Butane stoves are the bomb if you have an electric stove and need a back up cooking source.  Probably the best back up source for cooking if you can’t afford a $4,000 + wood stove from the Amish and the cords of wood to burn and learn how to burn wood in that stove to bake and cook. Well while learn the bake you can keep your house warm.  

You need a simple, effective way to cook and boil water that won’t kill you via carbon monoxide poisoning.  It has to be easy to use and safe to store fuel in a small apartment or home and it must be a Multi-tasker good for several type of environments.  Okay I add that last part…. 

Butane stoves is great for cooking! Caterers have been using the little burners for years and they are very simple to use and the fuel is relatively low cost to buy. There are people that use less than a can of butane to cook a Months worth of food.  That could be possible though I can’t do it.  But I know you could cook at least a week’s worth of meals if you plan ahead and are frugal with the fuel.  A butane Stove costs about $20.00-50.00 depending on the store.
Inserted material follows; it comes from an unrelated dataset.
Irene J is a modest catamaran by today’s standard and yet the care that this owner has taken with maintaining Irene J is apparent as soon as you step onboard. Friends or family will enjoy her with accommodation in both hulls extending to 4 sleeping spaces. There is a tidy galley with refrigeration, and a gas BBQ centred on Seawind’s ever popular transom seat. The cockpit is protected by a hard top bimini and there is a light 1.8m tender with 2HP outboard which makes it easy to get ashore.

Camping stores and Foodservice stores tend to have the best prices for the butane fuel cans.  A case of Butane fuel costs about $12.00-$24.00 as of last summer.  I’m not sure of current butane costs this month as I have already stocked up. I still think adding a Butane stove at double the cost of buying the stove and fuel would still be a bargain to have an alterative/ backup cooking method rather than be a slave to electric and gas prices. You can control what you buy and not the PTB’s or the Public Utilities offer you as take it or get evicted min. standards of many local governments. 

I think I have done some great work getting prepped.  The first was getting a very efficient wood stove.  Buying and stacking good dry wood for that stove.  I much prefer a neighbor stopping by and saying the love the smell of the wood smoke rather than someone getting pissed off that soot, ash and unpleasant smells are pissing of my neighbors. 
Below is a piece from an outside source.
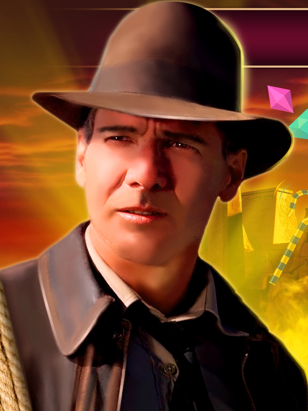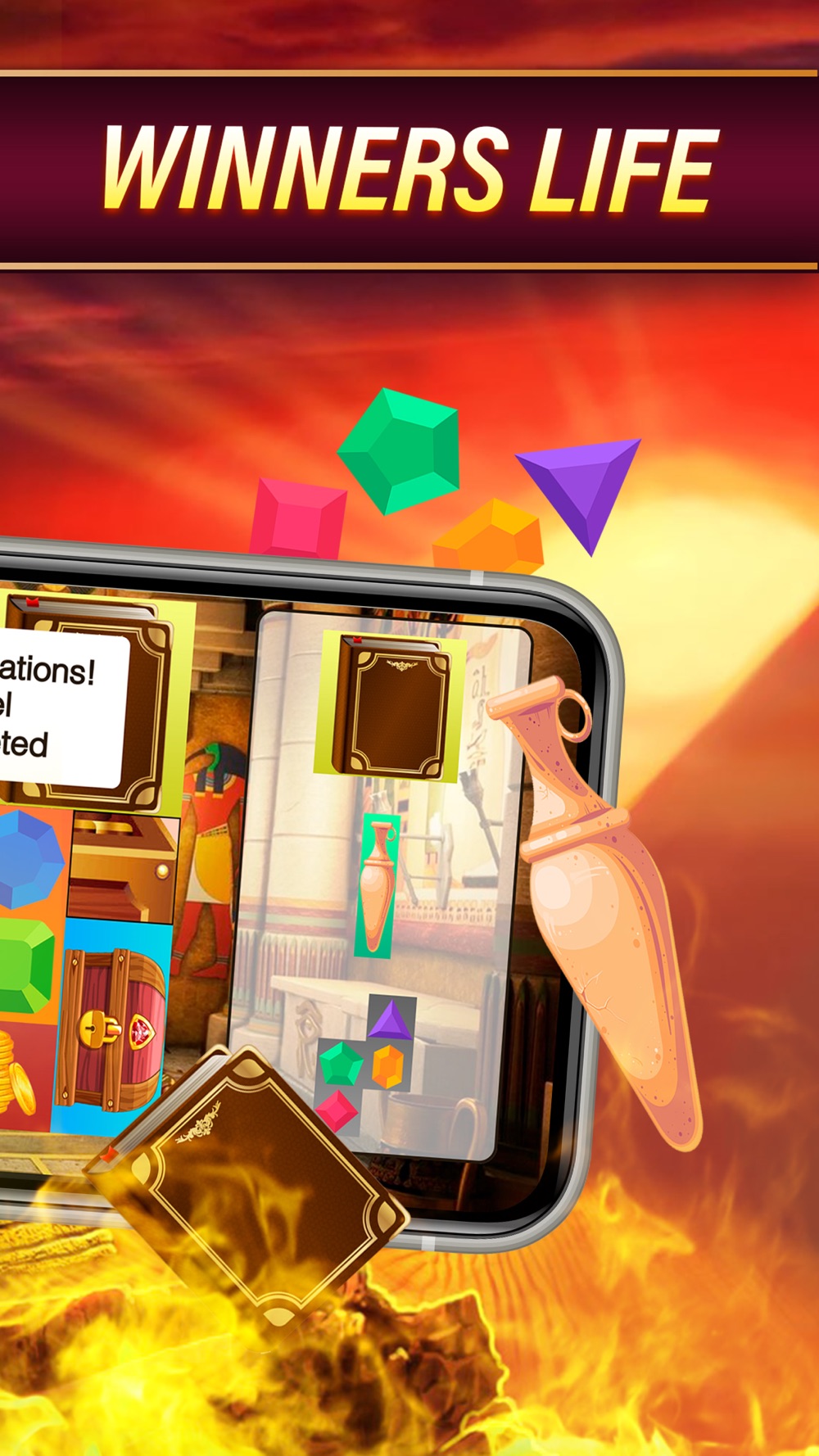 You need to stack the treasures so that there are as few empty cells as possible. You can turn over already folded parts. When the field is filled at least 80%, the player enters another tomb.

Don’t let wanting perfection stop you from prepping.  The Mr. Buddy heater was me just trying to stay warm if the electricity stopped.  I now have a wood stove and don’t need that Mr. Buddy heater in my Hone but it can work great for camping or setting up a warm up area in winter.  I did not waste any effort and I could help some one with that heater and fuel to keep them warm in winter.   You build your preps in steps starting from the base line.  As you improve your steps you free up more resources to help friends and family to build up their resources.  

Preppers seldom are selfish.  I can’t speak for all preppers but we want more more people to get prepared.  We don’t offer a handout but we offer a hand up, on how to prep effectively on small budget.  We know prepping can be hard.  We have been there and done that. 

I’ll be adding the Challa bread to my recipe page. It seemed a tad sweet to me so I think I’ll go with a bit of salt on top rather than sesame seeds.  Ironically the braiding of the bread worked out better than I had anticipated.  I have to say the challah bread made some of the best French toast ever!